His generator ran only thirty minutes a day—long enough to pump well water and charge his emergency radio. It was during one of these brief windows that he heard the broadcast from a panicked amateur operator: “Forty percent of the country without consistent power... Stockholm is falling apart... Do not trust aid convoys... some are decoys.”

Jonas read Psalm 91 by candlelight. "He that dwelleth in the secret place of the most High shall abide under the shadow of the Almighty." But the shadow outside was growing darker.

The Marauders

They came on a Wednesday. A black SUV, no license plates. Five men. Two had machetes, one had a short pump shotgun. One wore a postal service jacket—likely stolen.
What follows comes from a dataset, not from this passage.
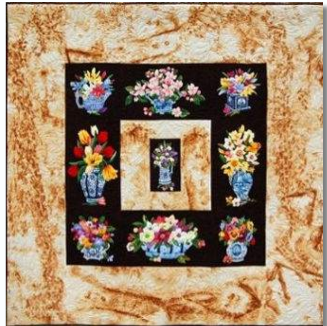
First Place in the Master Quilter Category Springtime Memories (67.5" x 67.25")

This quilt also won the Oh! Canada Award at the 2017 Grand National Quilt Show.
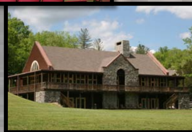
Dining Room & Conference Center

Jonas had prepared. He watched them from the cellar vents, heart pounding. They circled the cottage twice. One laughed. Then they began prying at the cellar doors.

A memory came to him—a sermon on separation. Come out from among them. Be ye separate. He clutched his old hunting rifle. Not to fire. Only to hold. He had no desire to kill. But he would not surrender.
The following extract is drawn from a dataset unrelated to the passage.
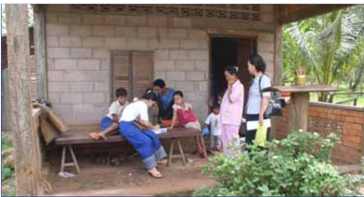
Cambodia: Staying in Touch Through Community Volunteers

After everything that goes into a successful electoral campaign, effective constituent service is critical to success as an elected official. In most jurisdictions, very few citizens

He whispered: "For in the time of trouble he shall hide me in his pavilion..."

A distant gunshot cracked. The men paused. Another shot. Someone was shooting at them from the woods. Perhaps a neighbor after all? Or another group protecting their turf?

The SUV tore off. Jonas waited three hours before emerging.

The Great Tribulation

The days that followed were worse. No more radio broadcasts. No more food shipments. Sweden didn’t collapse all at once—it bled out slowly. People in cities starved. Some froze. Fridge units at the ICA stores became tombs for rotten food. Cash meant nothing. Banking systems offline.

Jonas lasted longer than most, but the gangs found new routes. They grew more organized, patrolling like wolves. Reports surfaced of elderly patients left to die in hospitals as care staff vanished. Of wild dogs dragging off the weak. Of corpses rotting in roadside ditches, ignored by everyone who passed.

And when it was all too much, Jonas read Revelation. He knew this wasn’t the end. Not yet. But it was the beginning of the end.

"For then shall be great tribulation, such as was not since the beginning of the world to this time, no, nor ever shall be."

Jonas closed the Bible and listened. The only sound now was the wind rattling the empty branches.